Normally, we would use the InstaNovo SpectrumDataFrame class to download a dataset from Hugging Face directly like this:
from instanovo.utils import SpectrumDataFrame
sdf = SpectrumDataFrame.from_huggingface(
"InstaDeepAI/InstaNovo-P",
is_annotated=True,
shuffle=False,
split="test",
)
But this downloads the whole dataset and the train partition alone is more then 6 GB, so this would take a while. So we use load_dataset to only download the test partition.
from datasets import load_dataset
data_files = {"test": "dataset-phospho-test-0000-0001.parquet"}
dataset = load_dataset("InstaDeepAI/InstaNovo-P", data_files=data_files, split="test[:10%]")
dataset
import pandas as pd
df = pd.DataFrame(dataset)
df
from instanovo.utils import SpectrumDataFrame
sdf = SpectrumDataFrame.from_pandas(df)
import pandas as pd
pd.options.plotting.backend = "ms_matplotlib"
row = sdf[0]
row_df = pd.DataFrame({"mz": row["mz_array"], "intensity": row["intensity_array"]})
row_df.plot(
kind="spectrum",
x="mz",
y="intensity",
annotate_mz=True,
bin_method="none",
annotate_top_n_peaks=5,
aggregate_duplicates=True,
title=f"Mass spectrum of {row['sequence']}",
);
from instanovo.transformer.dataset import SpectrumDataset, collate_batch
ds = SpectrumDataset(
sdf,
model.residue_set,
config.get("n_peaks", 200),
return_str=True,
annotated=True,
)
from torch.utils.data import DataLoader
# When using SpectrumDataFrame, workers and shuffle is handled internally.
dl = DataLoader(ds, batch_size=64, shuffle=False, num_workers=0, collate_fn=collate_batch)
batch = next(iter(dl))
spectra, precursors, spectra_mask, peptides, _ = batch
spectra = spectra.to(device)
precursors = precursors.to(device)
Decoding¶
We have three options for decoding:
- Greedy Search
- Beam Search
- Knapsack Beam Search
For the best results and highest peptide recall, use Knapsack Beam Search. For fastest results (over 10x speedup), use Greedy Search.
We generally use a beam size of 5 for Beam Search and Knapsack Beam Search, a higher beam size should increase recall at the cost of performance and vice versa.
Note: in our findings, greedy search has similar performance as knapsack beam search at 5% FDR. I.e. if you plan to filter at 5% FDR anyway, use greedy search for optimal performance.
Greedy Search and Beam Search¶
Greedy search is used when num_beams=1, and beam search is used when num_beams>1
from instanovo.inference import BeamSearchDecoder, GreedyDecoder
num_beams = 1 # Change this, defaults are 1 or 5
if num_beams > 1:
decoder = BeamSearchDecoder(model=model)
else:
decoder = GreedyDecoder(model=model)
Knapsack Beam Search¶
Setup knapsack beam search decoder.

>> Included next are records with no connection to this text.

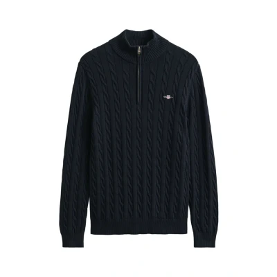 GANT Cotton Cable Half Zip, Evening Blue, XXXL
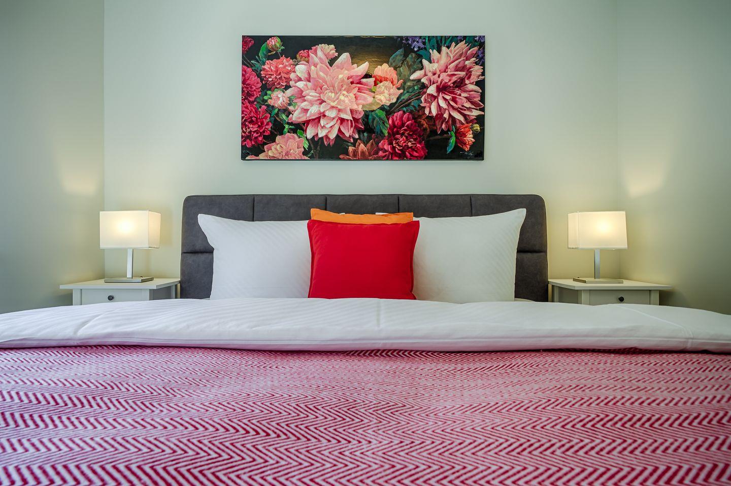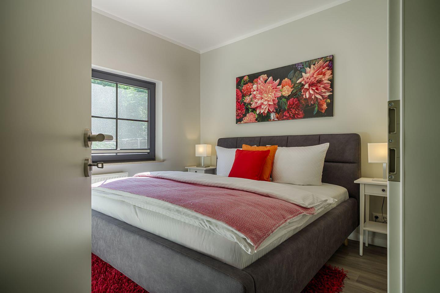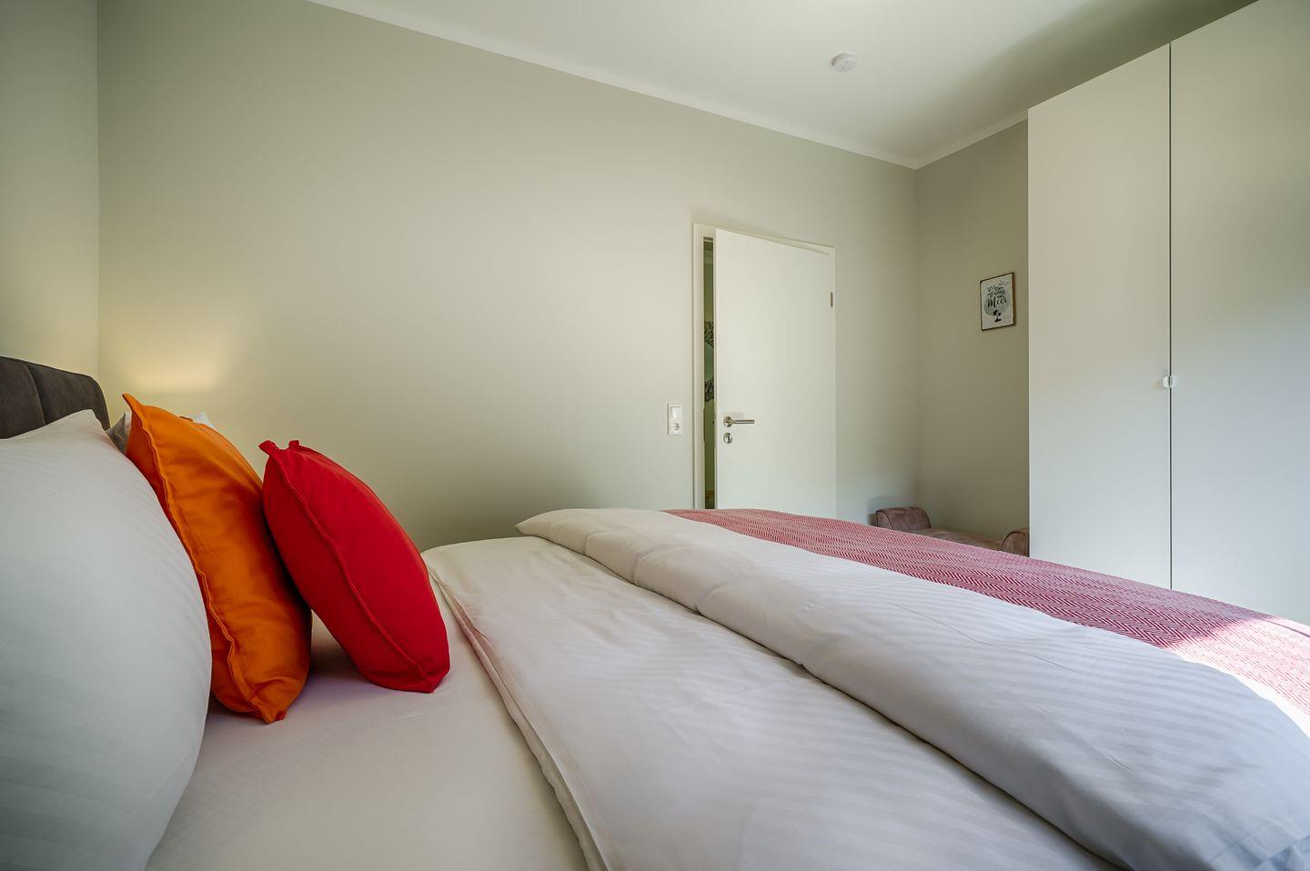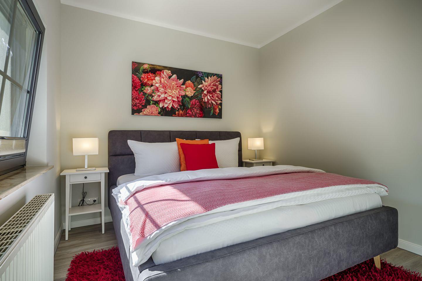 1 Schlafzimmer mit Doppelbett (1,80x2,00m), verstellbare Lattenroste
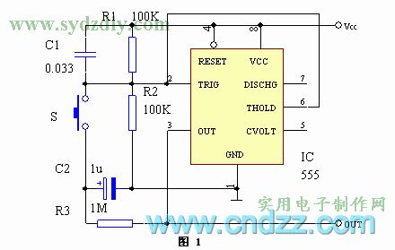 In figure 1 is the circuit. When the circuit gets power, C1 makes 6-pin of IC(555) acquire a positive pulse, the 3-pin is outputting a low LEV, at the moment, there is no voltage on C2. By pressing the key of S, the 0 LEV is working on 2-pin of the IC, 3-pin is reversed in a high LEV, C2 is charged by R3. After S is released, C2 is charged to Vcc, both the 2-pin and 6-pin are offset to 1/2Vcc by R1 and R2, the high LEV of 3-pin remains the same. By pressing S again, the voltage on C2 makes the voltage on 6-pin of the IC higher than 2/3Vcc, and 3-pin is reversed in a low LEV. (View)
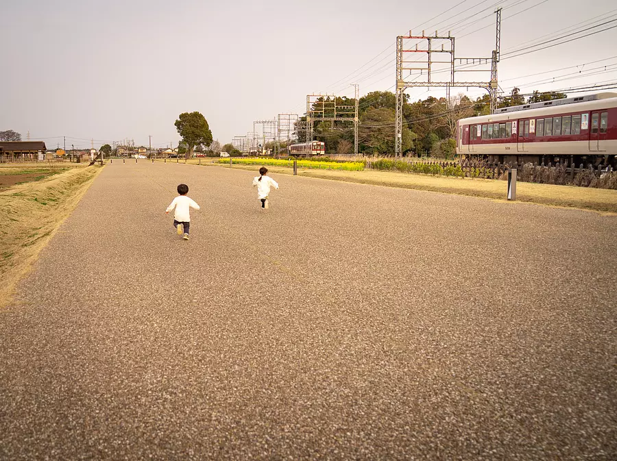 電車にかけっこを挑んでいましたが、あっけなく負けていました(笑)

This may take a few minutes.
from pathlib import Path
from instanovo.constants import MASS_SCALE
from instanovo.inference.knapsack import Knapsack
from instanovo.inference.knapsack_beam_search import KnapsackBeamSearchDecoder
num_beams = 5
def _setup_knapsack(model: InstaNovo) -> Knapsack:
# Cannot allow negative masses in knapsack graph
if "(-17.03)" in model.residue_set.residue_masses:
model.residue_set.residue_masses["(-17.03)"] = 1e3
if "[UNIMOD:385]" in model.residue_set.residue_masses:
model.residue_set.residue_masses["[UNIMOD:385]"] = 1e3
residue_masses = dict(model.residue_set.residue_masses.copy())
if any(x < 0 for x in residue_masses.values()):
raise NotImplementedError(
"Negative mass found in residues, this will break the knapsack graph. "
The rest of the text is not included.